Primary competition visual

Inundata: Mapping Floods in South Africa

Helping South Africa
$10 000 USD
Completed (~1 year ago)
Classification
1340 joined
315 active
Starti
Nov 22, 24
Closei
Feb 16, 25
Reveali
Feb 17, 25
User avatar
marching_learning
Nostalgic Mathematics
How to break past under 0.003 ?
Help · 5 Feb 2025, 11:05 · 10

Hello guys, I hope you're enjoying this challenge. I have been scratching my heed with both neural nets and boosting models.

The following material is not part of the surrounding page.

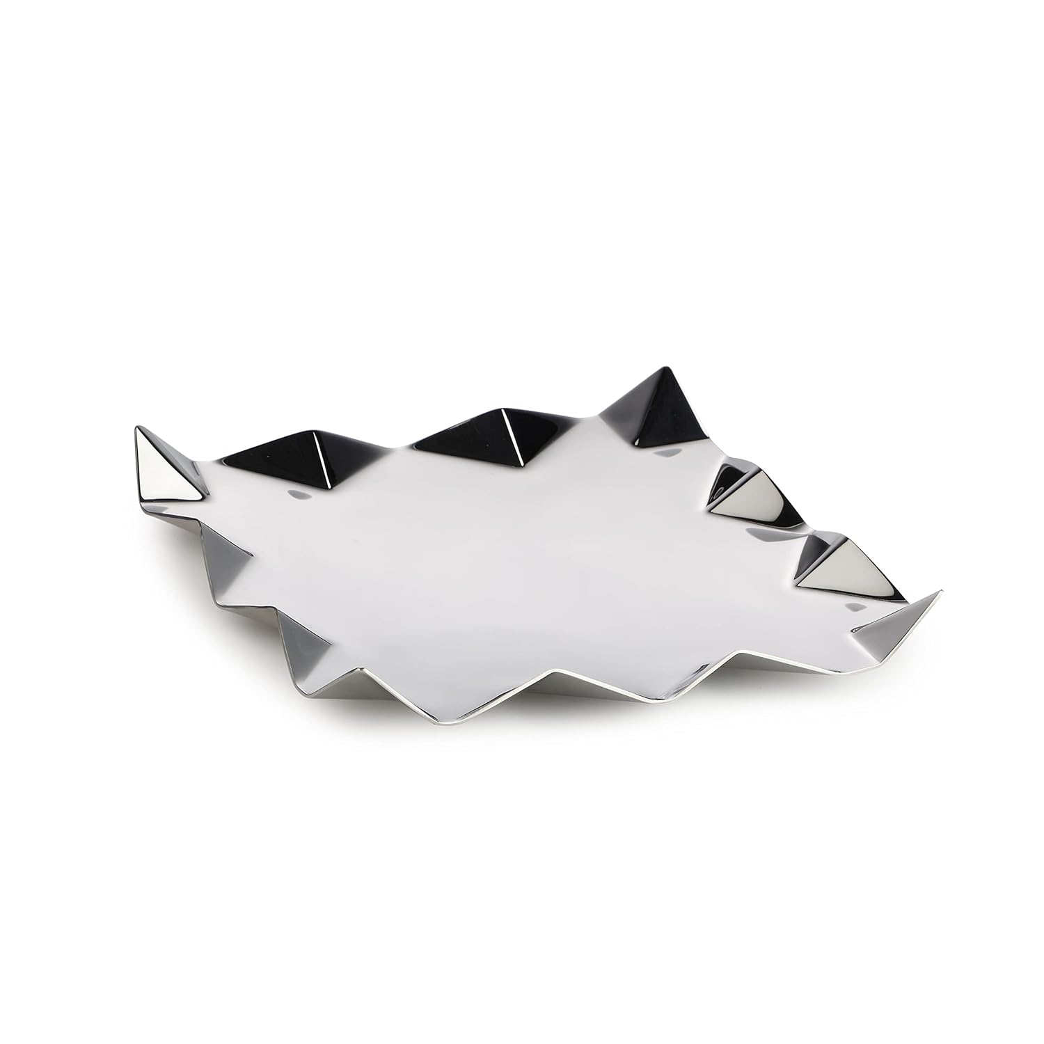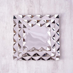 Designer Chrome Stainless Steel Square Platter, Small | Zig Zag Serving Tray For Food Dessert Fruit, Coffee & Tea | Criss Cross Series
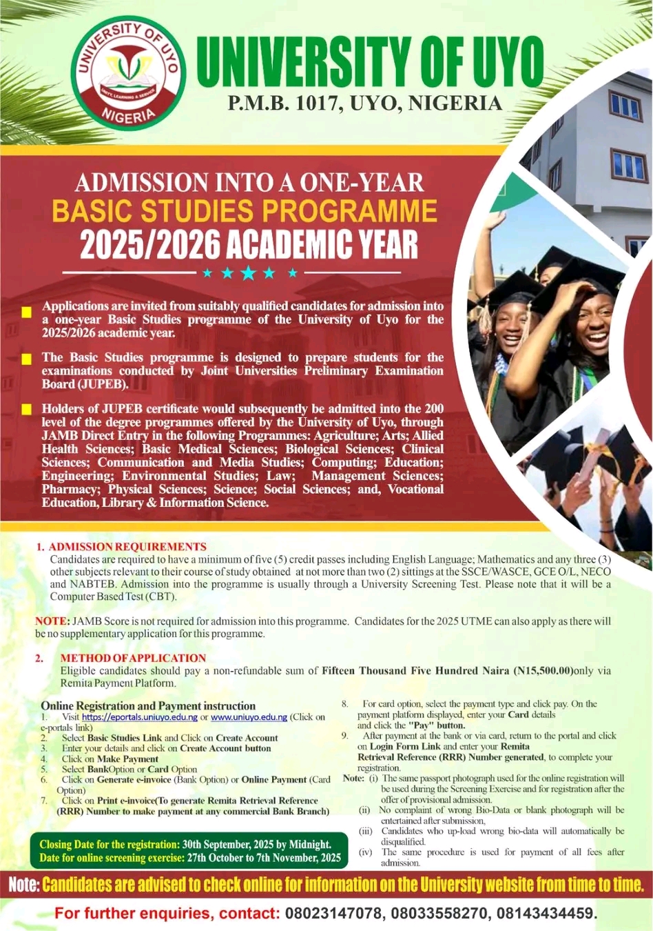 Applications are invited from suitably qualified candidates for admission into a one-year Basic Studies programme of the University of Uyo for the 2025/2026 academic year.

Still I couldn't break under 0.003. I will appreciate if you mind sharing some tips.

Happy Zinding !!!

Discussion 10 answers
User avatar
crossentropy
Federal university of Technology, Akure

Same here, struggled to break under this range too regardless of the approach.

I'm here for the tips too 👍

5 Feb 2025, 11:10
Upvotes 1
User avatar
Semaka_Mathunyane
University of South Africa

Atleast you got 0.003 mine is a disaster

5 Feb 2025, 11:27
Upvotes 1

Looks like boosting models are the successful approach here

I've got 0.0027 on leaderboard with a LightGBM model averaging the predictions of a 10-fold CV, stratifiying the time series according to whether or not they contain a flood

For each day I simply used as features the day number (0-729), the precipitation value, and all the other days precipitation values (729 lags)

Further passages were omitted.